Summary. The paper claims that standard multilingual benchmarks for frontier models primarily test mathematical reasoning and factual recall rather than multilingual proficiency, as shown by thinking variants outperforming instruct variants on benchmarks yet underperforming on real-world tasks like LMArena. It proposes round-trip translation (source to target and back, with semantic similarity) as a better alternative, reporting a near-perfect correlation (ρ = 0.94) with LMArena user ratings; the method requires no human references and no stronger multilingual judge. The authors introduce the Lost in Translation (LiT) benchmark spanning widely spoken languages.

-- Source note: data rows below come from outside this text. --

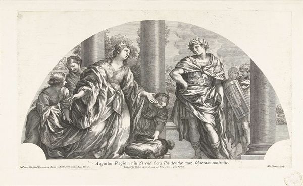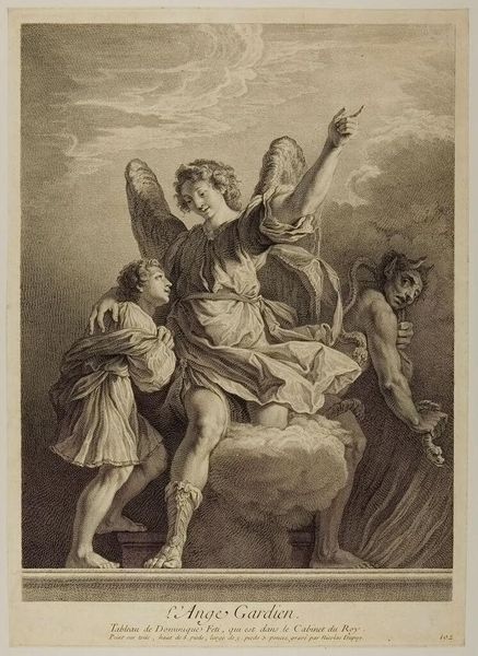 Editor: Here we see "Angelica and Medoro" by Antoine Radigues, a print from the 18th century. It looks like an intimate moment. What can you tell me about how this image functions within its historical context? Curator: This print reproduces a painting by Alessandro Tiarini, highlighting the role of reproductive prints in disseminating art to a wider audience. Consider how the print medium itself, with its inherent reproducibility, democratized access to aristocratic collections. How does this impact our understanding of artistic value in the 18th century? Editor: That's fascinating! So, the print is more than just a copy, it's part of a larger conversation about art and accessibility? Curator: Precisely! The print's existence challenges notions of the "original" and emphasizes the social life of images in shaping taste and cultural knowledge. It makes me wonder how such displays affected the average person. Editor: I see, I hadn't thought about the political dimension of art being more accessible. Thanks! Curator: My pleasure. It’s important to consider how institutions shape our view of art.
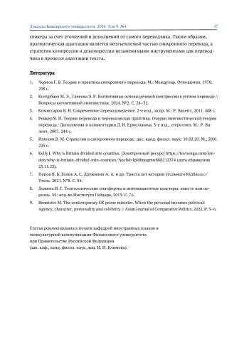 2. Конурбаев М. Э., Ганеева Э. Р. Когнитивные основы речевой компрессии в устном переводе // Вопросы когнитивной лингвистики. 2024. №2. С. 24-32. EDN: RZOWZR
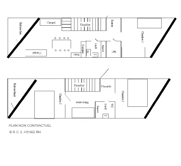 Caron Residence / entrance: cage 1 (No. 1518), 4-room duplex for 8 people, 74 m², on the 15th floor, facing North and South

Significance. If the round-trip method can be shown to isolate multilingual generation failures beyond general model capabilities, this could meaningfully shift evaluation practices toward scalable, reference-free proxies that better align with user preferences. Strengths include the high reported correlation, the absence of human references, and the concrete LiT benchmark resource; these are genuine contributions if the central proxy assumption holds after appropriate controls.

major comments (2)
  1. [Abstract and results section on LMArena correlation] The core claim that round-trip translation specifically measures multilingual generation proficiency (rather than general capability or translation-model quality) is load-bearing but not yet established. The reported ρ = 0.94 correlation with LMArena could be driven by shared dependence on model scale, training compute, or English-centric performance; without controls such as partial correlations or regressions that residualize out English benchmark scores or parameter count, the distinction from math/reasoning benchmarks remains unproven. (This directly engages the skeptic concern and the weakest assumption noted in the review.)
  2. [§4 and §5] §4 (LiT benchmark construction) and §5 (experimental results): the manuscript provides insufficient detail on the translation models used for the round-trip process, the exact semantic-similarity metric, language/text selection criteria, and any statistical controls for translation quality. These omissions make it impossible to verify that semantic gaps primarily reflect the tested models' multilingual generation rather than the auxiliary translation step itself.
minor comments (3)
  1. [Abstract] The LaTeX macro in the abstract appears as “r{ho}”; this should be corrected to the standard ρ symbol.
  2. [Method description] Clarify whether the same frontier model is used for both directions of the round-trip or whether a separate translation model is employed; this choice affects the interpretation of the “no more capable judge” claim.
  3. [§4] Add a table or appendix listing the exact languages, domains, and number of examples in the LiT benchmark for reproducibility.

Simulated Author's Rebuttal

2 responses · 0 unresolved

We thank the referee for the constructive and detailed feedback, which helps clarify the scope of our claims and the presentation of our methods. We address each major comment below and outline revisions that will strengthen the manuscript while preserving its core contributions.

read point-by-point responses
  1. Referee: [Abstract and results section on LMArena correlation] The core claim that round-trip translation specifically measures multilingual generation proficiency (rather than general capability or translation-model quality) is load-bearing but not yet established. The reported ρ = 0.94 correlation with LMArena could be driven by shared dependence on model scale, training compute, or English-centric performance; without controls such as partial correlations or regressions that residualize out English benchmark scores or parameter count, the distinction from math/reasoning benchmarks remains unproven. (This directly engages the skeptic concern and the weakest assumption noted in the review.)

    Authors: We agree that the specificity of round-trip translation to multilingual generation (as opposed to general capabilities) requires stronger evidence to support our central claim. Our current results highlight that thinking variants excel on standard multilingual benchmarks yet lag on LMArena, with round-trip translation showing high correlation to LMArena; however, we recognize that shared variance with scale or English performance could contribute to the observed ρ = 0.94. In the revised manuscript, we will add partial correlation and regression analyses that residualize out English benchmark scores and parameter counts. These controls will test whether the correlation with LMArena persists after accounting for general capability, thereby addressing the concern directly and clarifying the distinction from reasoning-focused benchmarks. revision: yes

  2. Referee: [§4 and §5] §4 (LiT benchmark construction) and §5 (experimental results): the manuscript provides insufficient detail on the translation models used for the round-trip process, the exact semantic-similarity metric, language/text selection criteria, and any statistical controls for translation quality. These omissions make it impossible to verify that semantic gaps primarily reflect the tested models' multilingual generation rather than the auxiliary translation step itself.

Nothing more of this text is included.